A graceful skier, a dedicated golfer, and an avid cyclist, he took pleasure in introducing his children to his favorite sports. He learned boating at a young age and felt at home on the water. In later years he took up fly-fishing. When these activities were precluded by his illness, he continued to enjoy reading, especially history; he was halfway through a biography of Lenin when he died.

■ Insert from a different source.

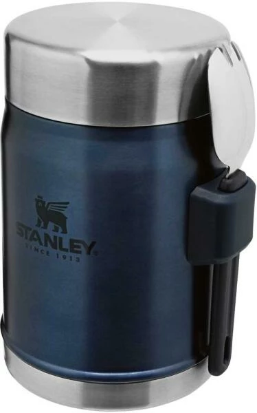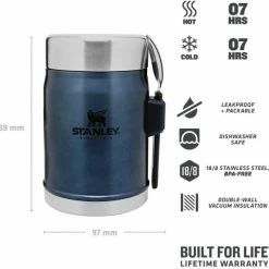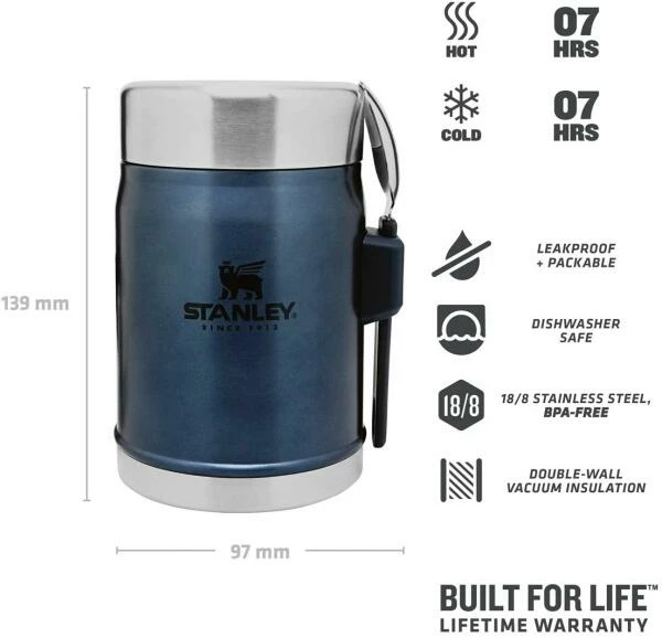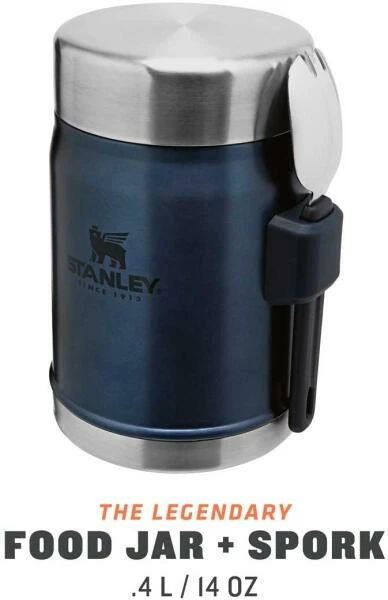 Der Stanley CLASSIC FOOD JAR + SPORK in Nightfall-Blue ist bestens geeignet für die kleine heiße Mahlzeit: Mit einem Fassungsvermögen von 0,4 Liter hält der Essbehälter heiße Speisen bis zu 7 Stunden heiß. Kalte Speisen bleiben aufgrund der doppelwandigen Edelstahl-Vakuumisolierung ebenfalls bis zu 7 Stunden kalt. Der CLASSIC FOOD JAR + SPORK ist auslaufsicher und kompakt. Zum Lieferumfang gehört ein Edelstahl-Spork, also ein Löffel/Gabel-Werkzeug. Das Produkt ist spülmaschinenfest und BPA-frei.

He was also a talented photographer. He leaves behind a rich archive documenting the adventures of his youth — his year in Beirut, summers volunteering in a remote village in Quebec, a trip through Iran and Afghanistan in 1977 — and the growth of his beloved children. 

Taysen is survived by his loving wife Jane; by his daughter Elizabeth Van Itallie and son Michael Van Itallie of Brooklyn, NY; by his sisters Lucy Borge (Robert Lombardo) of Quogue, NY; Tina Van Itallie (James Anderson) of Guilford, CT; Elizabeth Van Itallie (Glenn Morrow) of New York, NY; and Katharine Van Itallie (Lars Klove) of Peterborough, NH; by his nieces Caroline Keenan (Richard) of Ridgefield, CT; Emily Anderson (Jake Sandmann) of Guilford, CT; and Gina Morrow of Brooklyn, NY; and nephew Jackson Morrow of San Francisco, CA; and by his grandnieces and nephews Zoe and Teddy Keenan and Hugo and Margot Sandmann; along with dear cousins from Maine to Arizona.

A memorial service will be held on Tuesday, October 19, 2021, at 1 p.m. at Trinity Church in Princeton. It will be live-streamed for those who cannot attend; a link will be available on the Church website the day of the service.

Donations in Taysen’s memory may be made to Housing Initiatives of Princeton and Send Hunger Packing Princeton, two charities he admired.